Late last week, Facebook Director of Communications Liz Shepherd claimed data pertaining to more than half a billion users was stolen two years ago, and that the company “found and fixed” the issue back then.
Facebook has not notified its 533 million users whose personal information was obtained during a 2019 leak and does not have plans to do so, a company spokesperson said.
They added that the social networking giant was not sure it had full visibility on which users would need to be notified and that the company also took into account the data was publicly available when deciding not to notify the users, who were mainly from the US and Europe.
Ireland’s Data Protection Commission, the EU’s lead regulator for Facebook, for its part, said they had contacted the company in connection with the data leak.

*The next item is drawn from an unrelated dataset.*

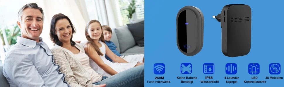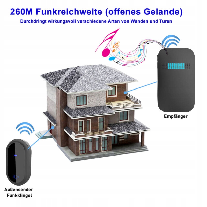 【Легкая установка】 Просто подключите мини -приемник к электрическому розетке и прикрепите передатчик к стене, используя доступные аксессуары, включая кусок самооклонной ленты. Наш дверной звонок подходит для дома, квартиры, школы, дома в сельской местности, офиса и многое другое. Этот беспроводной дверной колокол без батареи - хороший рождественский, день рождения или юбилейный подарок для каждого дома или владельца компании.

The commission added that it had received “no proactive communication from Facebook” but was currently in contact.
The leak includes personal information on 533 million Facebook users, such as phone numbers, Facebook IDs, full names, locations, birth dates, bios n in some cases email addresses
“This is old data that was previously reported on in 2019” Facebook spokesperson wrote in an email pic.twitter.com/1m0CgDB441
— Hemir Desai (@hemirdesai) April 4, 2021
The statement comes after Business Insider reported last week that personal details, including the phone numbers of 533 million Facebook users, had been leaked and posted on a “low-level” online hacking forum.
The news outlet cited Alon Gal, the chief technical officer of cybercrime intelligence firm Hudson Rock that detected the leak, as saying the information could be used by online fraudsters for identity theft or phishing scams.
“A database of that size containing the private information such as phone numbers of a lot of Facebook’s users would certainly lead to bad actors taking advantage of the data to perform social engineering attacks [or] hacking attempts”, Gal argued.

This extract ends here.